C'est intéressant que Philibert, à mon sens documentariste moyen mais dont les choix de sujet sont souvent intéressants (de lui, j'aime beaucoup La Ville Louvre), s'attaque à un projet si modeste et si peu glamour, après le succès invraisemblable d'Être et avoir, qui aurait pu lui permettre de tourner à peu près ce qu'il voulait.
Ce choix, donc, de courir le risque d'user de son confort de production (tourner 60 heures de rushes en pellicule!) pour un film forcément promis à une audience riquiqui (je suppose que c'est la catastrophe niveau entrées, non? plus que deux salles sur Paris en tout cas, et comme elles sont hors des réseaux pass, les curieux ne se déplaceront pas en masse), témoigne, qu'on aime son cinéma ou pas, d'un amour sincère pour le cinéma. Ca peut sembler un peu con de dire ça comme ça, n'empêche que je me demande combien auraient pris un tel risque dans ces conditions.

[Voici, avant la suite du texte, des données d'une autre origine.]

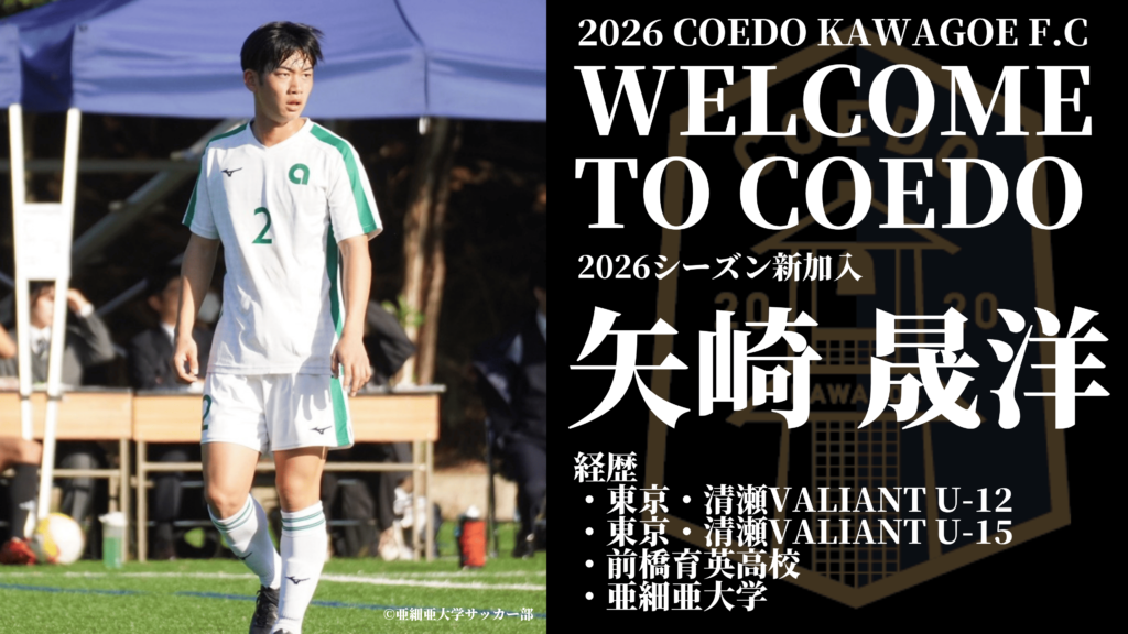 この度、2026シーズンより、関東大学サッカー3部リーグに所属する亜細亜大学サッカー部より矢崎 晟洋選手がCOEDO KAWAGOE F.Cへ加入することが決定しましたので、お知らせします。

Dommage qu'il n'en ait pas profité, s'étant mis en "danger" par son sujet, pour en profiter pour se mettre aussi en "danger" formellement. Disons qu'on est trop, malgré le foisonnement, la richesse du brassage, dans ce confort de "docu prestige Arte" pour qu'il se passe vraiment un instant fort de cinéma...
ps : un gros
au St-André des Arts 2, qui projette ses films sans rien vérifier et où personne n'est là à la caisse en cas de pépin d'image ou de son (le son était dégueulasse à souhait, on aurait dit une vieille bande magnétique sur un walkman aux piles usées, l'horreur...). Et quand tu leur signales ça en sortant, évidemment, tout le monde s'en fout. "Ah bon", m'a-t-on dit.